Aggregation based on terms field is not working

Aggregation based on terms field is not working. I loaded the data with different (_id), with the same data. I Am trying to find a duplicate of records based on one of the index fields. using the below simple terms query, it's not returning the results which were expected.

Sample Query Used, but able to get other records,

{
"size": 0,
"seq_no_primary_term": true,
"aggs": {
"groupbyordernum": {
"filter": {
"term": {
"region": "us"
}
},
"aggs": {
"bucketordernum": {
"terms": {
"field": "order_num",
"min_doc_count": 2,
"exclude": "0"
}
}
}
}
}
}

@rajthilakr
Can you post sample data and reason why you think results are incorrect?
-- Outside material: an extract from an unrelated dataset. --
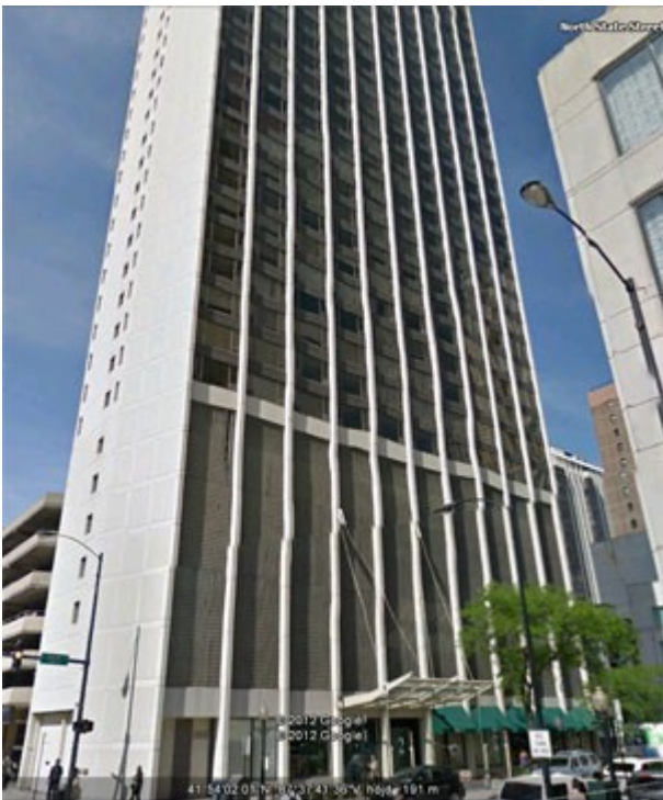
2 East Oak St. Chicago.

In the summer of 1978 I received a letter from my colleague and successor at the Swedish Trade - LH ( MBA ) . I had helped LH to get started in Chicago. I helped when he sought for an apartment . His choice fell on a high rise building at 2 East Oak Street , about 40 stories high .

This is what I call the "Elizabeth Taylor" problem.
She was an actress who famously married many times and would be hard to find in a distributed database if you were looking for people with the most marriages.
Marriages, like your records, preferably only occur once and in most cases this is true. If your system holding marriage certificates spreads them across many shards randomly then each shard could end up thinking Elizabeth Taylor was like everyone else in their subset of data - only married once. This makes it hard for the system as a whole to determine which of the millions of people held on file were married more than once.
If you use custom routing of documents you can ensure each person's documents end up on the same shard and get the accurate answers.

1 Like

This topic was automatically closed 28 days after the last reply. New replies are no longer allowed.